+++ Given data +++

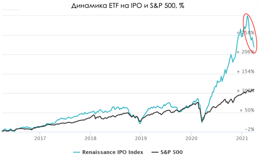 Постепенную потерю интереса инвесторов к IPO из-за все более частых убытков также показывает ETF на IPO от инвестиционной компании Renaissance Capital (тикер: IPOUSA). С 15 февраля до 29 марта 2021 года индекс IPO снизилcя на 25%. Стоит отметить, что подобной перегретости сектора не наблюдалось ни на одном цикле IPO финансирования. Из-за перегретости рынка IPO многие компании просто откладывают момент выхода на биржу до более благоприятной рыночной конъюнктуры. Например, 31 марта 2021 года, стало известно, что холдинг Kultura перенес IPO на неопределенный срок.
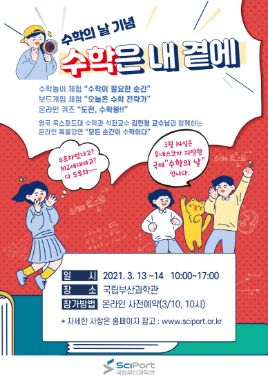 허남영 관장직무대행은 “안전한 행사 개최를 위해 방역에 만전을 다하고 있다”며 “수학을 쉽고 재밌게 즐길 수 있는 이번 행사에 많은 관심과 참여 바란다”고 말했다.
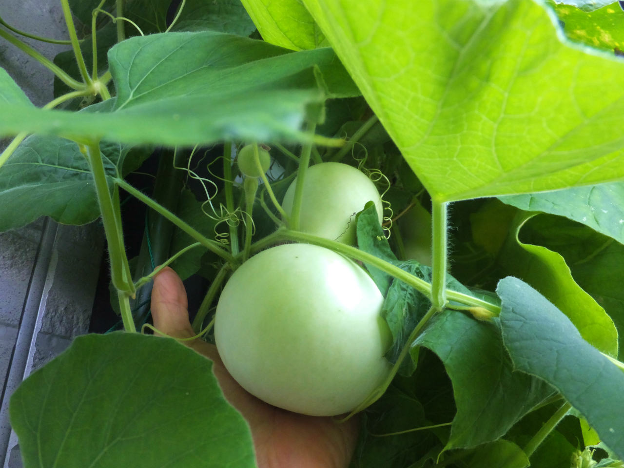 葉の裏側を確認すると3つの大ヒョウタンの実がなっていた。
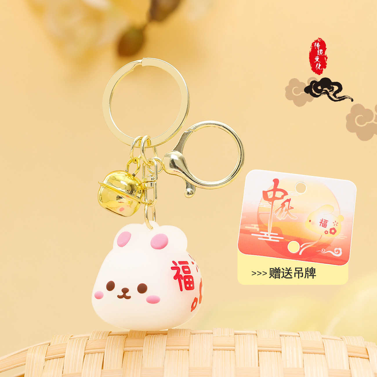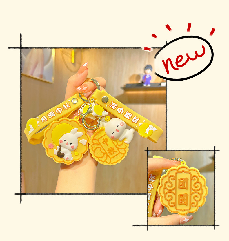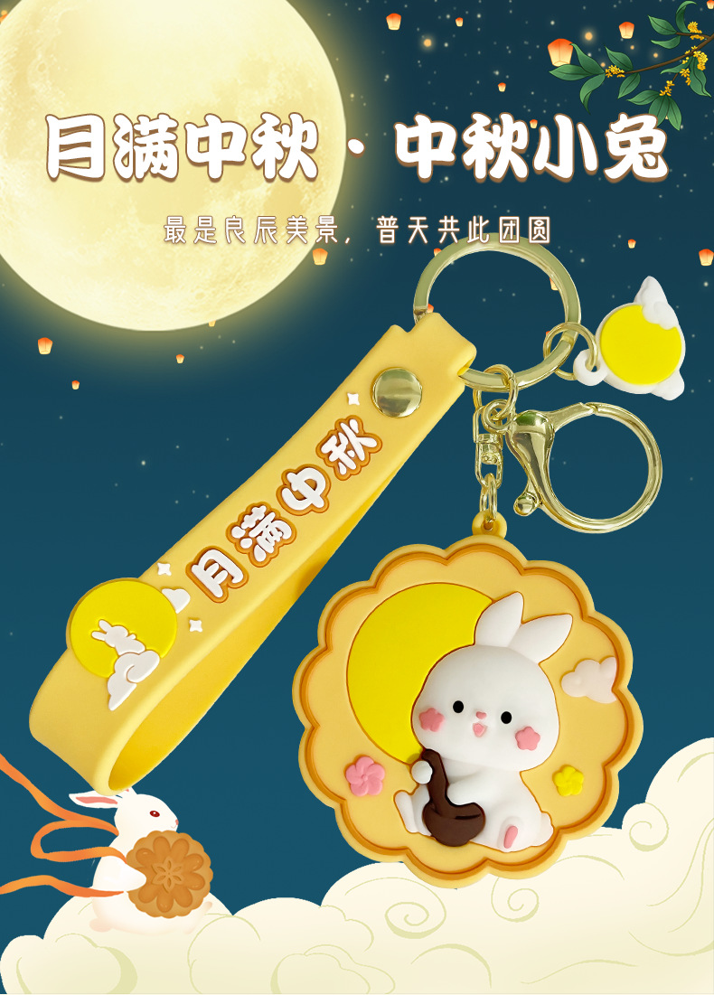 萌叙可爱卡通钥匙扣中秋节小兔钥匙链挂饰玉兔月饼挂件小礼品批发
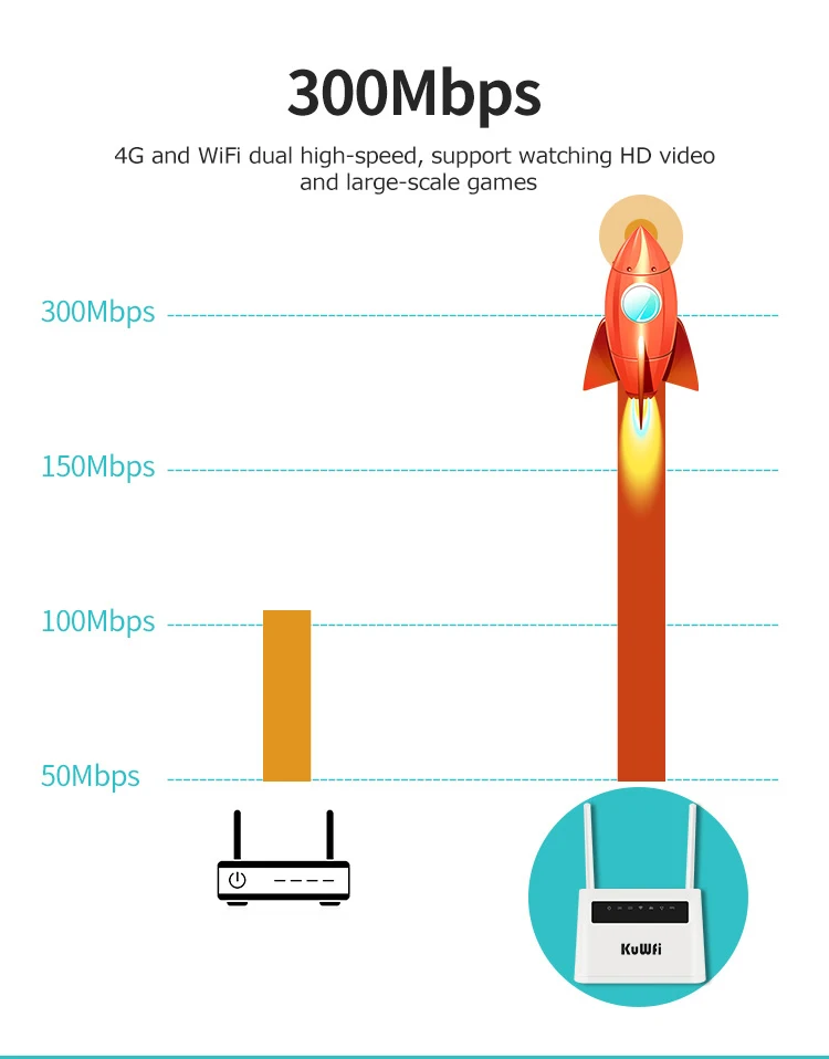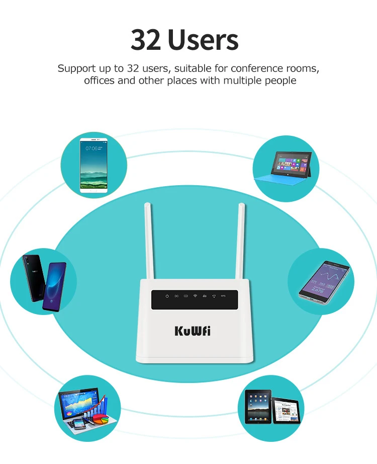 Пожалуйста, обратите внимание: он может работать в России, ЕС, Азии, Ближнем Востоке, Северной Америке, Южной Америке Версия-1 4G LTE FDD:B1/B3(2100/1800 МГц) 3G WCDMA:B1(2100 МГц) 2G GSM:B1(2100 МГц) Работает в большинстве стран Азии Версия-2 4G LTE FDD:B1/B3/B8(2100/1800/900 МГц) 4G LTE FDD:B38/B39/B40/B41(2600/1900/2300/2500 МГц) 3G WCDMA:B1/B8(2100/900 МГц) 2G GSM:B3/B8(1800/900 МГц) Работает в большинстве стран ЕС, Азии, Африки Версия-3 4 аппарат не привязан к оператору сотовой связи FDD:B1/B3/B7/B8/B20(2100/1800/2600/900/800 МГц) 4G LTE FDD:B38/B39/B40/B41(2600/1900/2300/2500 МГц) 3G WCDMA:B1/B8(2100/900 МГц) 2G GSM:B3/B8(1800/900 МГц) Работает во всех странах ЕС, Азии, Африки, Океании 1. Wi-Fi роутер KuWFi 4G обеспечивает скорость беспроводной передачи данных до 300 Мбит/с, скорость 4G до 150 Мбит/с, 2,4g Wi-Fi роутер также поддерживает доступ в Интернет/режим работы PPPoE, если у вас есть 4G sim-карта, вы можете использовать подключение к модему работать в качестве режима шлюза; 3. Оснащен 4 интерфейсом локальной сети с кнопкой питания на левом размере. Когда 4G маршрутизатор передает WiFi, вы можете подключаться к другим устройствам одновременно. 4. Это легко подключиться и легко носить с собой в руке обмен клиентом для 32 пользователей WiFi, все, что вам нужно сделать, это вставить sim-карту, тогда вы будете наслаждаться Wi-Fi с друзьями с этим портативным 4G LTE роутером. 5,4G скорость передачи: TDD-LTE: 150 Мбит/с DL / 50 Мбит/с UL TD-SCDMA: 2,8 Мбит/с DL/2,2 Мбит/с UL
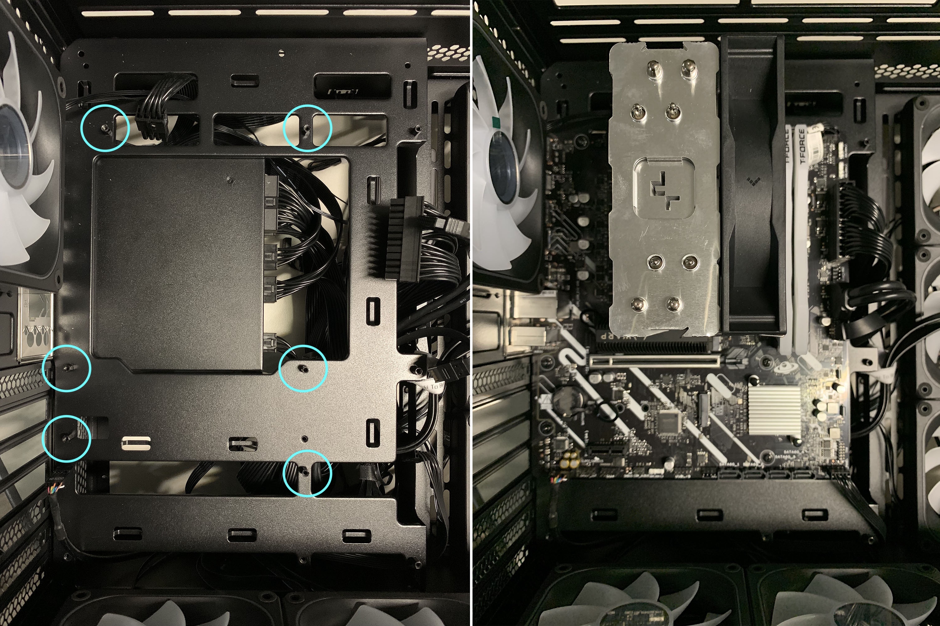 스탠드오프 위치를 메인보드에 맞게 배치 후, 나사로 메인보드를 PC케이스에 고정합니다.
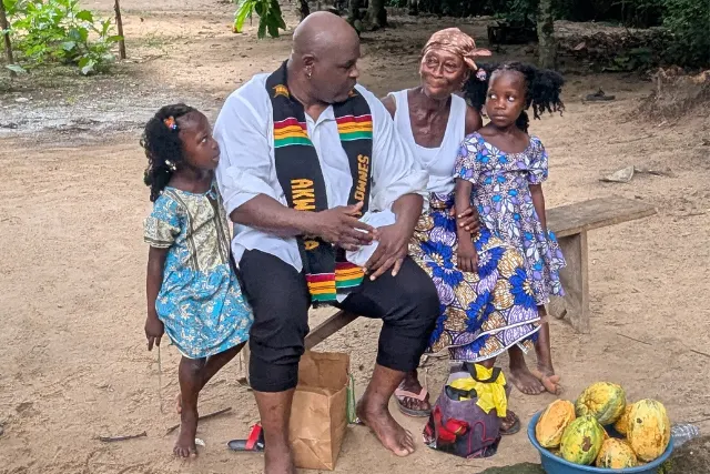Big Tony pauses his journey to sit with an elderly cocoa seller, listening to her experience and honoring her resilience.
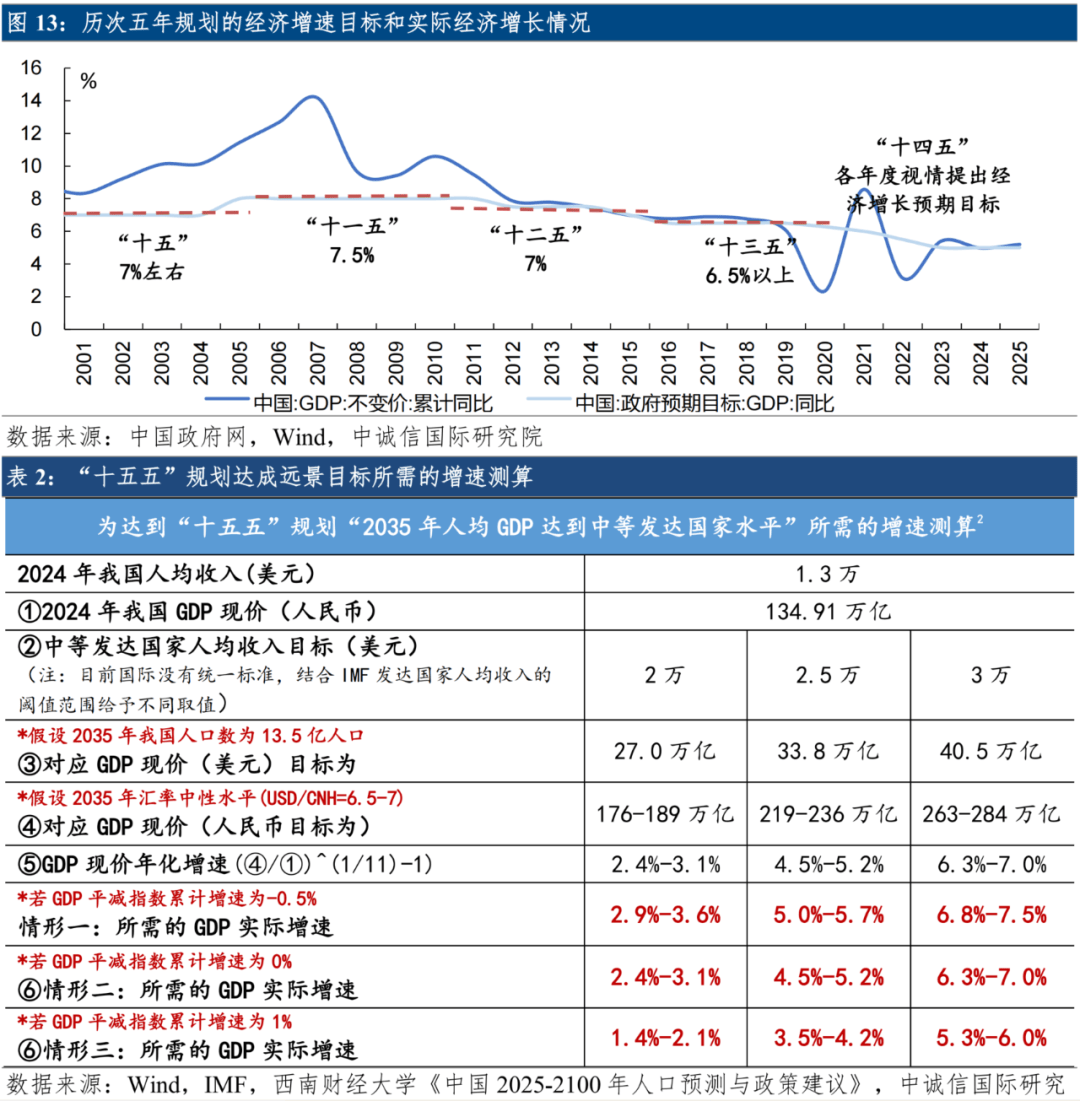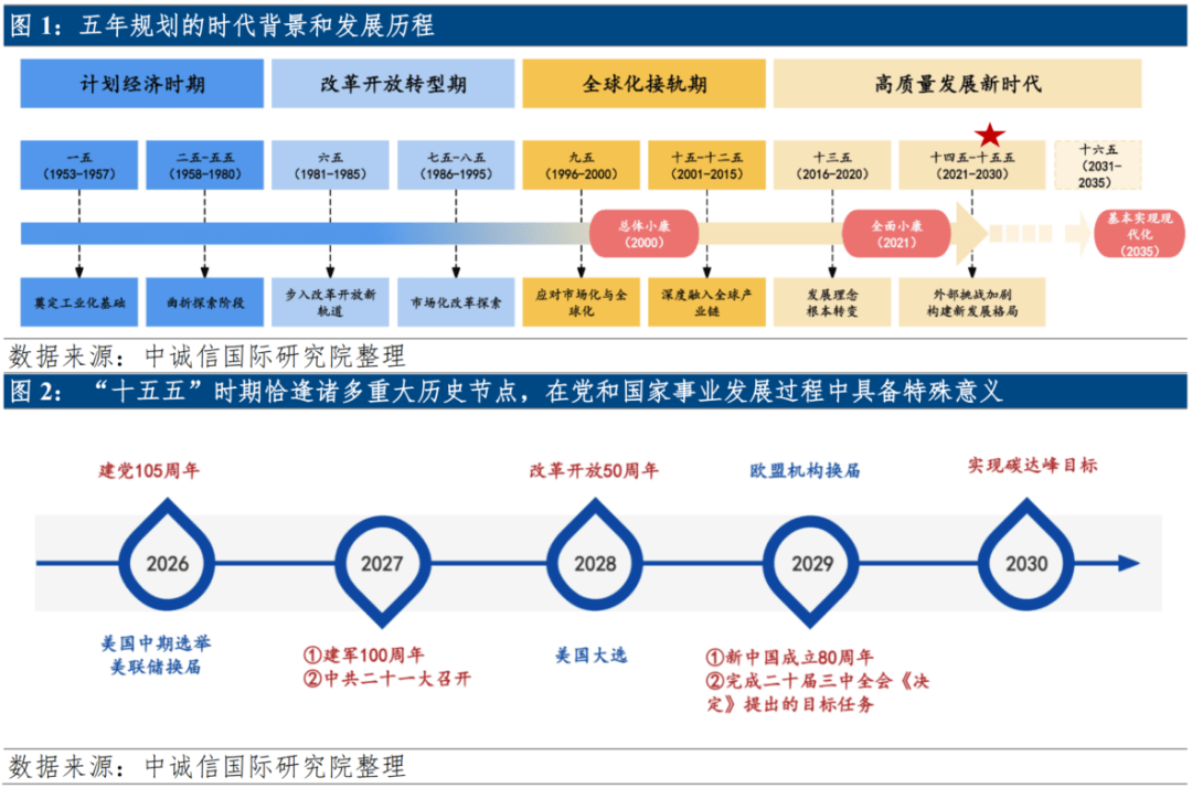 2021年我国实现全面小康的百年目标,十四五作为此后第一个五年规划,仍带有巩固小康成果、解决遗留问题的任务,同时遭遇了全球疫情、地缘冲突频繁、逆全球化加剧等重大外部挑战,具备“开局”与“过渡”属性。“十五五”时期承接“十四五”,要为实现2035年远景目标赢得战略主动,这对“十五五”时期经济高质量发展提出了更高的要求;二是任务上“攻坚落地”,“十五五”时期我国多项战略目标面临收官,一方面,“十五五”是实现2030年“碳达峰”目标的最后五年,也是任务最艰巨的五年;另一方面,二十届三中全会明确提出在2029年完成《决定》提出的各项改革任务,客观来看,当前改革仍处于顶层设计和重点领域试点突破的阶段,部分关键领域改革的“第一脚”已经踢出,如《民营经济促进法》、《全国统一大市场建设指引(试行)》的出台,“十五五”将处于改革举措大规模推进的关键时期。三是重大历史节点汇聚,“十五五”时期恰逢诸多重大历史节点,包括2026年建党105周年、2027年建军100周年、2028年改革开放50周年、2029年新中国成立80周年等,在党和国家事业发展过程中具备特殊意义。

+++

> [What you have to do]:
Every line from the first line of the entries above through the line with "萌叙可爱卡通钥匙扣中秋节小兔钥匙链挂饰玉兔月饼挂件小礼品批发" must be repeated exactly, and pictures must not be.

> [Answer to this exercise]:
 Постепенную потерю интереса инвесторов к IPO из-за все более частых убытков также показывает ETF на IPO от инвестиционной компании Renaissance Capital (тикер: IPOUSA). С 15 февраля до 29 марта 2021 года индекс IPO снизилcя на 25%. Стоит отметить, что подобной перегретости сектора не наблюдалось ни на одном цикле IPO финансирования. Из-за перегретости рынка IPO многие компании просто откладывают момент выхода на биржу до более благоприятной рыночной конъюнктуры. Например, 31 марта 2021 года, стало известно, что холдинг Kultura перенес IPO на неопределенный срок.
 허남영 관장직무대행은 “안전한 행사 개최를 위해 방역에 만전을 다하고 있다”며 “수학을 쉽고 재밌게 즐길 수 있는 이번 행사에 많은 관심과 참여 바란다”고 말했다.
 葉の裏側を確認すると3つの大ヒョウタンの実がなっていた。
 萌叙可爱卡通钥匙扣中秋节小兔钥匙链挂饰玉兔月饼挂件小礼品批发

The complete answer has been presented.